#### What the task requires:
Of the entries below, restate word for word only the section that runs from the line with "立足大同市貫徹落實國家創(c" to the line with "Une nuisette sexy", counting both ends.

#### Provided records:
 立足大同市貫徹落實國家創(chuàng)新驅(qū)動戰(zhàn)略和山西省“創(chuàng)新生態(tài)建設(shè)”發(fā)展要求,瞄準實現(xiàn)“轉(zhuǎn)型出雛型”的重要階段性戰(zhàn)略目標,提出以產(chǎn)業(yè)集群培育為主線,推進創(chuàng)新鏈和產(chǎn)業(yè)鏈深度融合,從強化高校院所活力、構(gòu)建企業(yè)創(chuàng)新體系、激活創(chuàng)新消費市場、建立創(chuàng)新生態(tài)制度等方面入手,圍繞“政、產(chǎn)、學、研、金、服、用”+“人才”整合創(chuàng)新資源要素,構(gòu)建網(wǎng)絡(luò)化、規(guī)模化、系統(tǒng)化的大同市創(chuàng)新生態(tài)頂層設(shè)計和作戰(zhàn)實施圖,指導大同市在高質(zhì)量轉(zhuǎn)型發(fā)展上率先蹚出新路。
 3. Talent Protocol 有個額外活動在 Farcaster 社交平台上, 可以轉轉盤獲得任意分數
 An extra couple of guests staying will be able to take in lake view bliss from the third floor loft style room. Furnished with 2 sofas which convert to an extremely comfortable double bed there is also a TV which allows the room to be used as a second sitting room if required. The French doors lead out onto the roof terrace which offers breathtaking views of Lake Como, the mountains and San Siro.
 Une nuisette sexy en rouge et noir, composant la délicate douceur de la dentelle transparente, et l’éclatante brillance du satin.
==
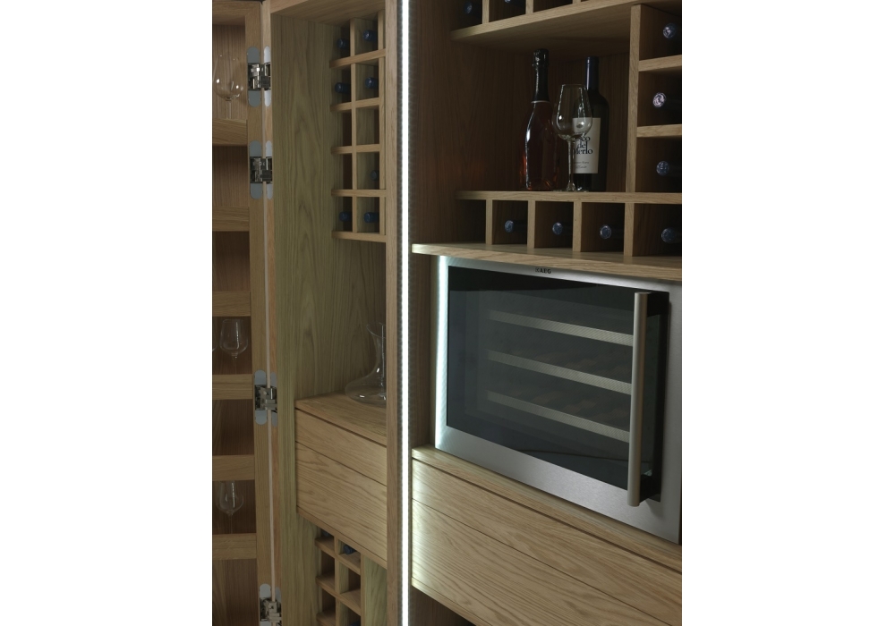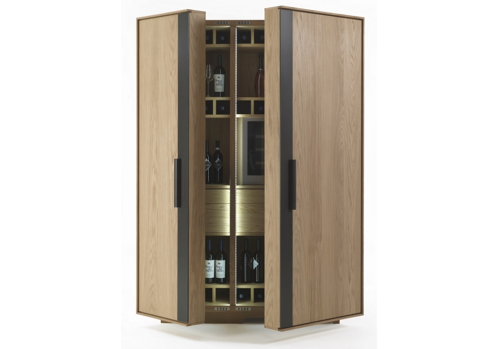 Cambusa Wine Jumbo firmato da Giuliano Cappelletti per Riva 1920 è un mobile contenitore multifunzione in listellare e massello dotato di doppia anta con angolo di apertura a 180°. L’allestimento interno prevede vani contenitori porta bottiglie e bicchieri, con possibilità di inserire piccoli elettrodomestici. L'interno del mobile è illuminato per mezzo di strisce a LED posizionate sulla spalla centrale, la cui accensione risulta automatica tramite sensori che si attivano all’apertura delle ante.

#### Output below:
 立足大同市貫徹落實國家創(chuàng)新驅(qū)動戰(zhàn)略和山西省“創(chuàng)新生態(tài)建設(shè)”發(fā)展要求,瞄準實現(xiàn)“轉(zhuǎn)型出雛型”的重要階段性戰(zhàn)略目標,提出以產(chǎn)業(yè)集群培育為主線,推進創(chuàng)新鏈和產(chǎn)業(yè)鏈深度融合,從強化高校院所活力、構(gòu)建企業(yè)創(chuàng)新體系、激活創(chuàng)新消費市場、建立創(chuàng)新生態(tài)制度等方面入手,圍繞“政、產(chǎn)、學、研、金、服、用”+“人才”整合創(chuàng)新資源要素,構(gòu)建網(wǎng)絡(luò)化、規(guī)模化、系統(tǒng)化的大同市創(chuàng)新生態(tài)頂層設(shè)計和作戰(zhàn)實施圖,指導大同市在高質(zhì)量轉(zhuǎn)型發(fā)展上率先蹚出新路。
 3. Talent Protocol 有個額外活動在 Farcaster 社交平台上, 可以轉轉盤獲得任意分數
 An extra couple of guests staying will be able to take in lake view bliss from the third floor loft style room. Furnished with 2 sofas which convert to an extremely comfortable double bed there is also a TV which allows the room to be used as a second sitting room if required. The French doors lead out onto the roof terrace which offers breathtaking views of Lake Como, the mountains and San Siro.
 Une nuisette sexy en rouge et noir, composant la délicate douceur de la dentelle transparente, et l’éclatante brillance du satin.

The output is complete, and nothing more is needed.